Suzanne Rivera, Associate Vice President for Research at Case Western Reserve University and member of the Secretary's Advisory Committee on Human Research Protections, responds to the AAUP's IRB report by asserting that faculty are inept at making determinations of exemption. I question this claim.
[Rivera, Suzanne A. “Academic Freedom and Responsibility |.” Bill of Health. Accessed March 28, 2013. http://blogs.law.harvard.edu/billofhealth/2013/03/24/academic-freedom-and-responsibility/. h/t Michelle Meyer]
I have posted the following comments on the blog where Rivera's statement appeared.
Dear Dr. Rivera,
Thank you for taking the time to comment on the AAUP's recent report, "Regulation of Research on Human Subjects: Academic Freedom and the Institutional Review Board," which I helped prepare. As you note, the report recommends that researchers conducting some types of minimal-risk studies should be allowed to proceed without first getting approval from an IRB office or an IRB itself. This was the intention of at least some of the drafters of the current regulations, and in 2009 OHRP affirmed that "the regulations do not require that someone other than the investigator be involved in making a determination that a research study is exempt."
This is not good enough for you, however. "Placing responsibility for exemption determinations entirely in the hands of researchers is a bad fix," you write. "Faculty researchers are notoriously poor judges of the risks posed by their studies. Ask anyone experienced in the IRB 'intake' process about how often studies posing more than minimal risk are submitted for verification of 'exempt' status and I can bet the number will not be insubstantial."

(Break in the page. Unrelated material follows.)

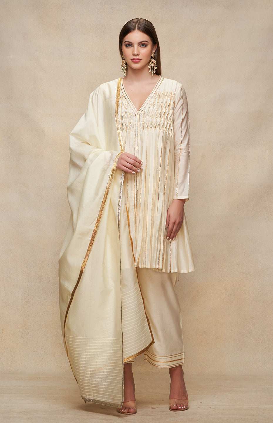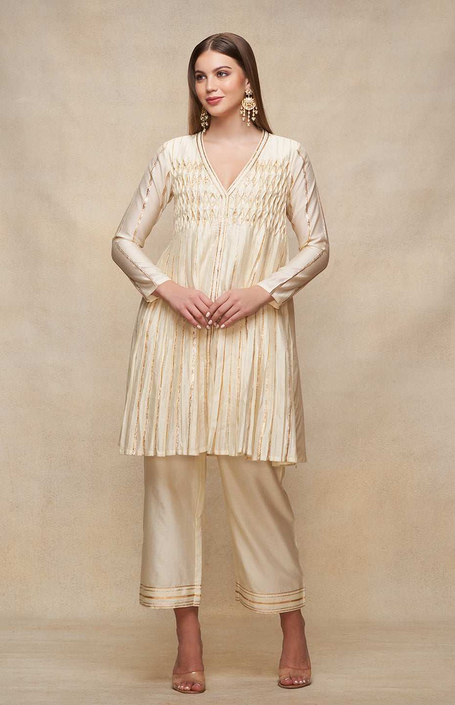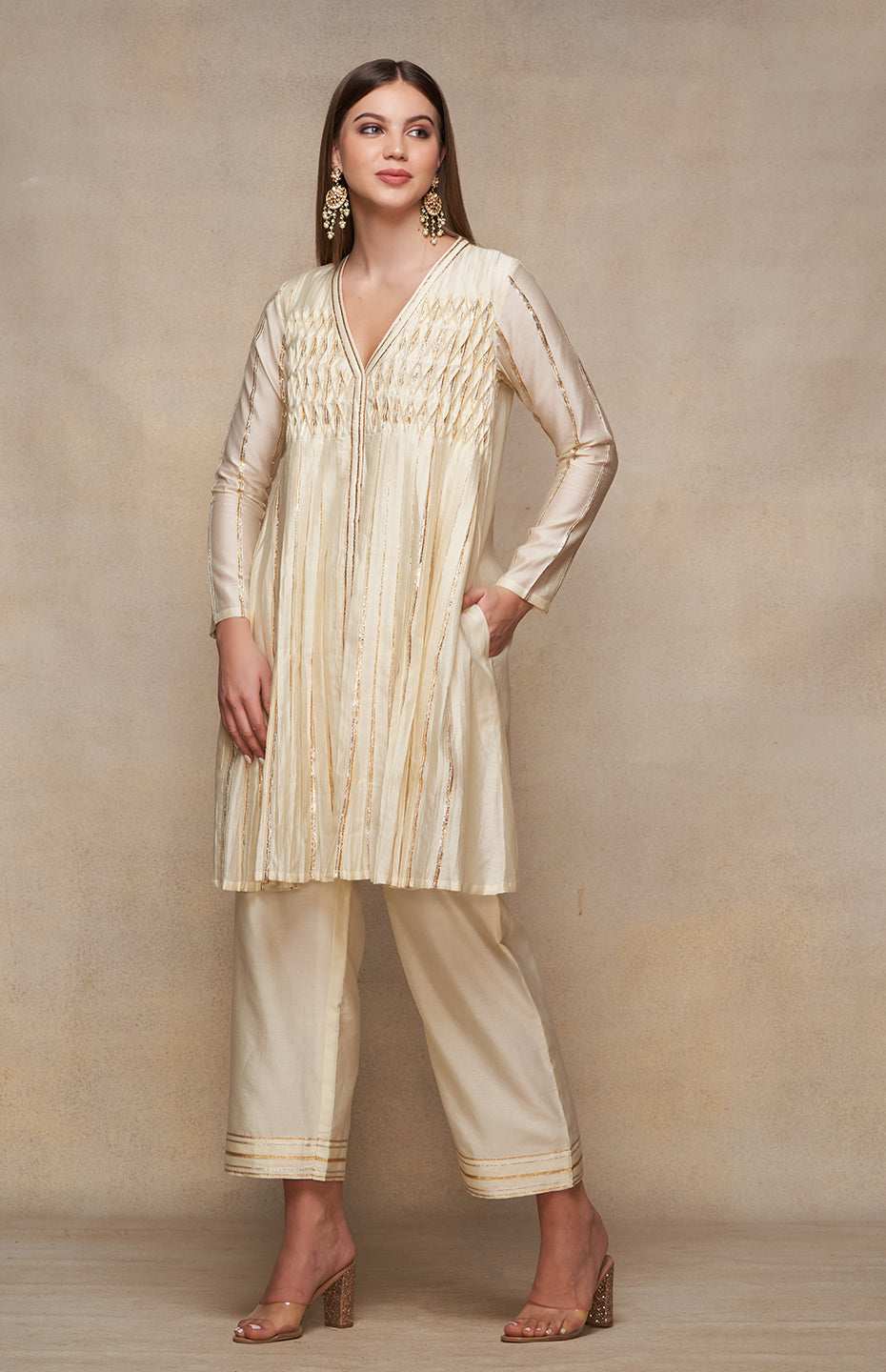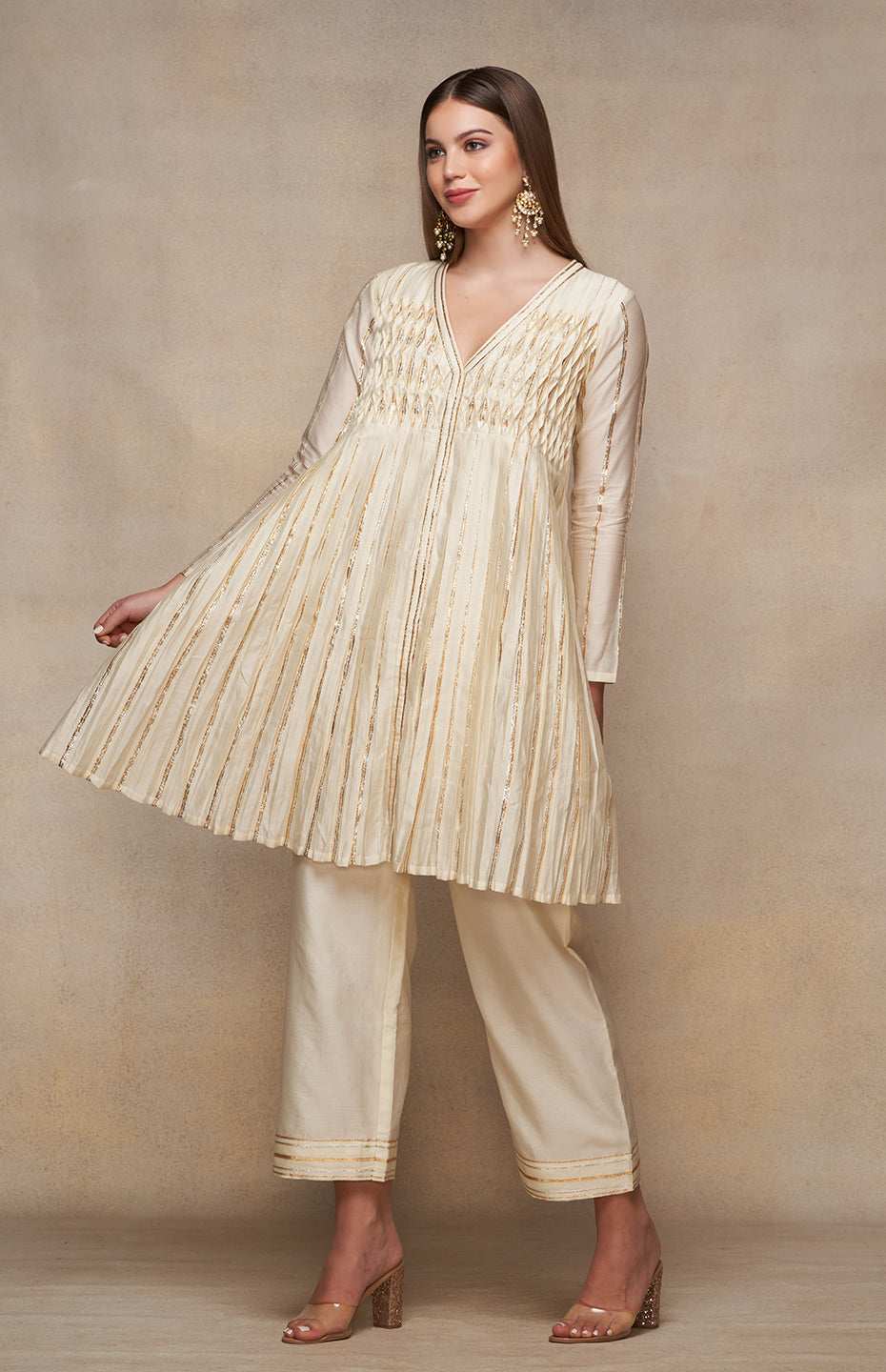 Elevate your style quotient with this deep V-neck, full-sleeved kurta dress. The knee-length silhouette boasts an ornate pleated Gota yoke, accentuating its charm. Best paired with straight pants, this dress is a nod to contemporary chic with a hint of tradition.

I imagine that you intended this last sentence as a rhetorical device. But why should it be? Your biography explains that you have "responsibility for oversight of the research enterprise" at Case Western Reserve University, so presumably you have ample opportunity to ask your staff how often faculty researchers underestimate the risk of their studies. Have you done so?
Specifically, I would like to know the following:
* How many proposals in the social sciences and humanities (the major concern of the AAUP report) sought exempt status at Case Western in 2012?

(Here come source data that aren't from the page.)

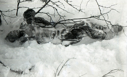 他们死亡时的姿势,表明他们可能正在试图极力逃回营地。他们的尸体分别在距离红松300米,480米和630米处被发现。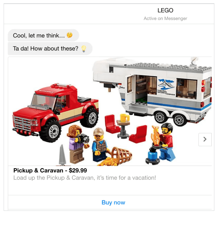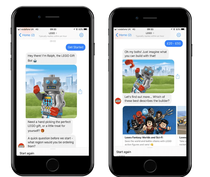 Another brand that’s made huge strides by chatbot marketing is Lego. The chatbot – Ralph – suggests gift options based on how a user answers questions relating to key data such as location, age, and gift budget.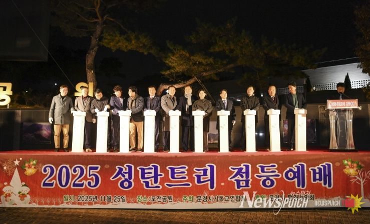 뉴스펀치 김길룡 기자 | 문경시는 지난 25일 성탄을 맞이하여 성탄 트리를 설치하고 문경시기독교연합회(회장 문은석) 주관으로 모전공원 광장에서 관내 기독교 신도 및 시민 등 200여 명이 참석한 가운데 ‘2025년 시민화합 성탄트리 점등식’을 했다.

* Of these, how many did the IRB intake staff find to be non-exempt under the terms of the Common Rule?
* How were these disagreements between researcher and staff distributed among the six categories and various subcategories of exemption in 45 CFR 46.101(b)? For example, did any faculty researcher mistakenly claim to be interviewing elected or appointed public officials or candidates for public office? Did any misunderstand the federal department-approval requirements of category 5?
* When IRB staff and researchers disagree over a project's eligibility for exemption, how is this resolved? Do you assume that the IRB staff is always right? Or do you audit their work to guard against unnecessary escalation of review? Can researchers appeal the determination?
* As a member of SACHRP, have you collected or sponsored any research to determine the frequency of inappropriate requests for exemption, and their breakdown by category, nationwide? Have you collected or sponsored any such research about unnecessary escalation?
I know of only scant data on such questions. In 1998, James Bell Associates reported that "According to chairs, about one-half or fewer protocols eligible for exemption were actually exempted from review, depending on research category." And while that study is rather old now, a 2010 report on the IRB process at my university found a similar figure: "of the nine protocols that were given an expedited review, five or 55% could have been exempted from review." (I am glad to report that matters have improved since then.) Rather than finding that "faculty researchers are notoriously poor judges," these reports suggest that IRBs and their staffs can be the poor judges of exemption eligibility.
If you have "not insubstantial" numbers suggesting otherwise, I would be glad to consider them and discuss ways they could be used to reform the regulations. For example, if most of the disputes over exemption concentrate in one or two categories, then perhaps researchers could be allowed to determine their eligibility for other exemptions while regulators rewrote the confusing exemptions in clearer terms.
But if you lack numbers, perhaps we should discuss the terms of a bet.